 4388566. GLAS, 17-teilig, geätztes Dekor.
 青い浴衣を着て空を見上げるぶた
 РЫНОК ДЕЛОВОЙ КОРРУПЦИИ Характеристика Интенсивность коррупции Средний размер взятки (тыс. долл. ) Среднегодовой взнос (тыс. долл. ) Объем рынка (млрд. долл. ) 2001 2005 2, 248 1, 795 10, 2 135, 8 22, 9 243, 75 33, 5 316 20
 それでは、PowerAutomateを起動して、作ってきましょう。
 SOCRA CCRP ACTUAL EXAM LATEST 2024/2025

---

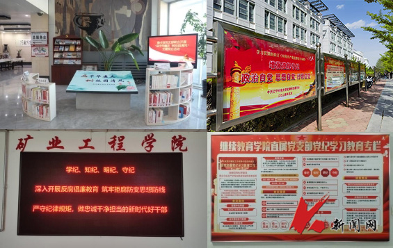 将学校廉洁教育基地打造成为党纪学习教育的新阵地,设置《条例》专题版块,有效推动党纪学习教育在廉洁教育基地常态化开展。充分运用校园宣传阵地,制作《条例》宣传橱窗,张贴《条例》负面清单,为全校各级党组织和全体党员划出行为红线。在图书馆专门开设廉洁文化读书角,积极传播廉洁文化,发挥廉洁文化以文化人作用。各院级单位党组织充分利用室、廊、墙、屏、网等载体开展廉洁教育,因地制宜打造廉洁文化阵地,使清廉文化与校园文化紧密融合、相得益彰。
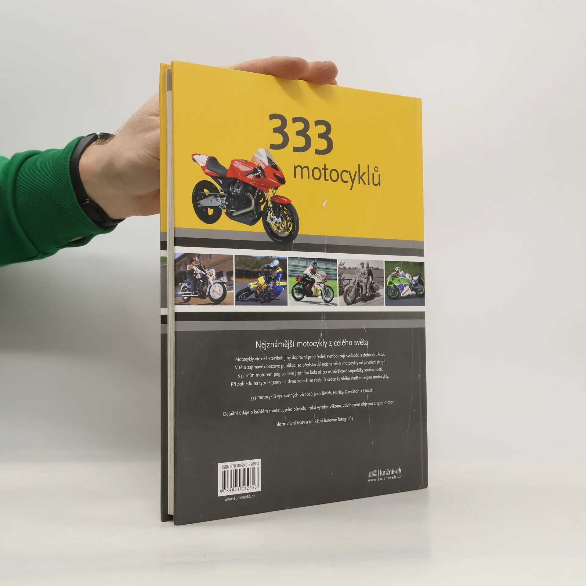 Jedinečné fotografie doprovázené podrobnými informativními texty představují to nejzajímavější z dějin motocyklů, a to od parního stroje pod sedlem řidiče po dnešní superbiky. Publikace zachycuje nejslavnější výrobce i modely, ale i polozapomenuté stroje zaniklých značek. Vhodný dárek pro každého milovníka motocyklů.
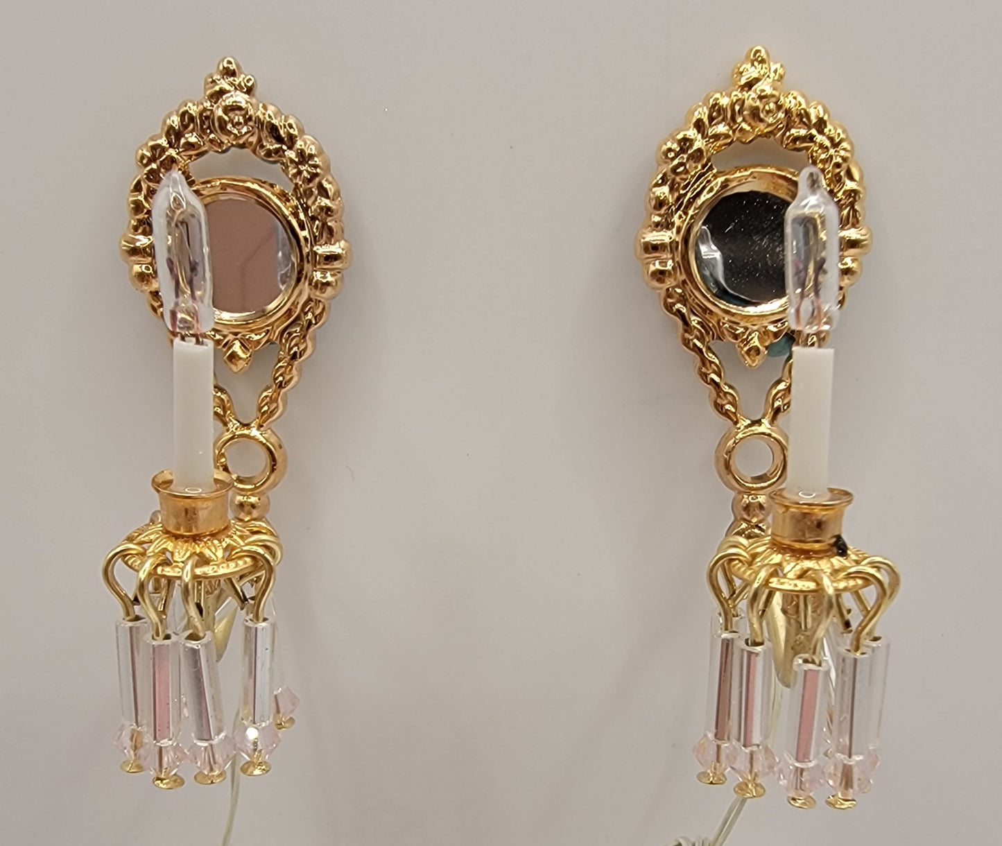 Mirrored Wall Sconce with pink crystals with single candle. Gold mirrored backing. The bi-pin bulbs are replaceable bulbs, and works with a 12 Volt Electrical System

### Work to complete
What you give back should be only the lines of the records above, starting at the line with "РЫНОК ДЕЛОВОЙ КОРРУПЦИИ" and ending at the line with "それでは、PowerAutomateを起動して、作ってきましょう。", restated word for word.

### Exercise response
 РЫНОК ДЕЛОВОЙ КОРРУПЦИИ Характеристика Интенсивность коррупции Средний размер взятки (тыс. долл. ) Среднегодовой взнос (тыс. долл. ) Объем рынка (млрд. долл. ) 2001 2005 2, 248 1, 795 10, 2 135, 8 22, 9 243, 75 33, 5 316 20
 それでは、PowerAutomateを起動して、作ってきましょう。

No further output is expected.